The readers used the 4D images to successfully delineate 96% of 140 possible vessel segmentations. They also used the regions-of-interest to create flow curves, which had a 97% success rate and showed pulsatile, phasic blood flow in major arteries for most subjects.

One drawback of the imaging method was that it performed relatively poorly for visualizing flow through the ductus arteriosus (DA). When the readers graded their confidence in their delineation of all structures, they gave DA the lowest score by far, indicating the vessel boundary was poorly visualized. All other structures received scores showing that at least part of the vessel boundary was clearly defined.

The trouble with DA could be attributed to the MRI method’s low spatial resolution and long temporal resolution, which can result in blurring for the smallest boundaries. Other problems with the MRI technique included some inter-repeatability bias, including that one reader scored blood flows slightly faster than the other.

Despite these drawbacks, the readers still observed flow fastest in the outflow tracts and slower in the inferior vena cava and superior vena cava. This demonstrates the method’s efficacy for identifying flow abnormalities, according to co-lead study author Tom Roberts.

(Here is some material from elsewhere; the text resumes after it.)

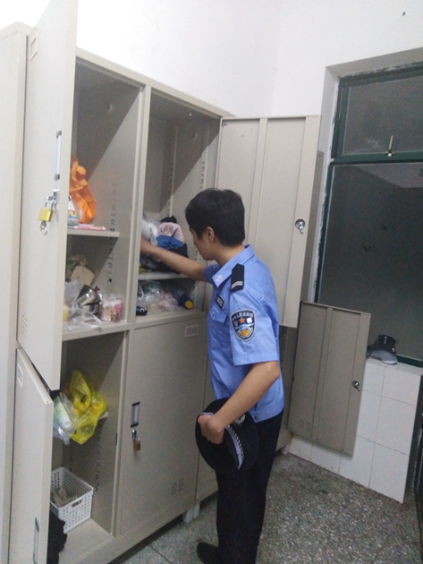 在检查过程中,要求学生主动地打开各自的箱子和柜子。然后接受民警和保卫人员的检查。民警们和保卫人员对宿舍的每一角落进行逐一排查,除了发现水果刀、剪刀、扑克牌等学校不准带来的物品外,没有发现管制刀具。针对发现不准带进校园的物品,检查人员和班主任进行了没收,并进行了批评教育。
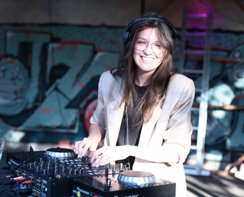 Theresa “Bi Män” Bittermann ist Sozial&Kulturanthropologin und Solo-selbstständig als Audiovisuelle Interventionskünstlerin in der freien Szene und macht postfemale crossover. Sie wirkt als DJ*, Veranstalterin, Autorin, Moderatorin sowie Teilgeberin in verschiedenen Kollektiven und macht die Öffentlichkeitsarbeit im lesbisch-queeren Zentrum LeZ.

“The results in this paper are exciting because no one has been able to look at the foetal heart using MRI in four dimensions like this,” stated Roberts, a perinatal imaging research associate at King’s College London. “Doctors can start to measure how much blood is pumped out in each heartbeat, which can be used to tell how effectively the heart is performing.”

The method still needs to be optimized and tested at different field strengths, the authors noted. They also called for studies that compare their 4D imaging method to Doppler ultrasound.

The team hopes to one day use the method to perform better diagnosis of congenital heart disease (CHD). This is particularly important because some forms of CHD are difficult to diagnose on ultrasound.

“If CHD is detected prior to birth, then doctors can prepare appropriate care immediately after birth, which can sometimes be life-saving,” stated Roberts, “It also gives parents advance time to prepare, when otherwise the CHD might have been discovered at birth, which can be very stressful.”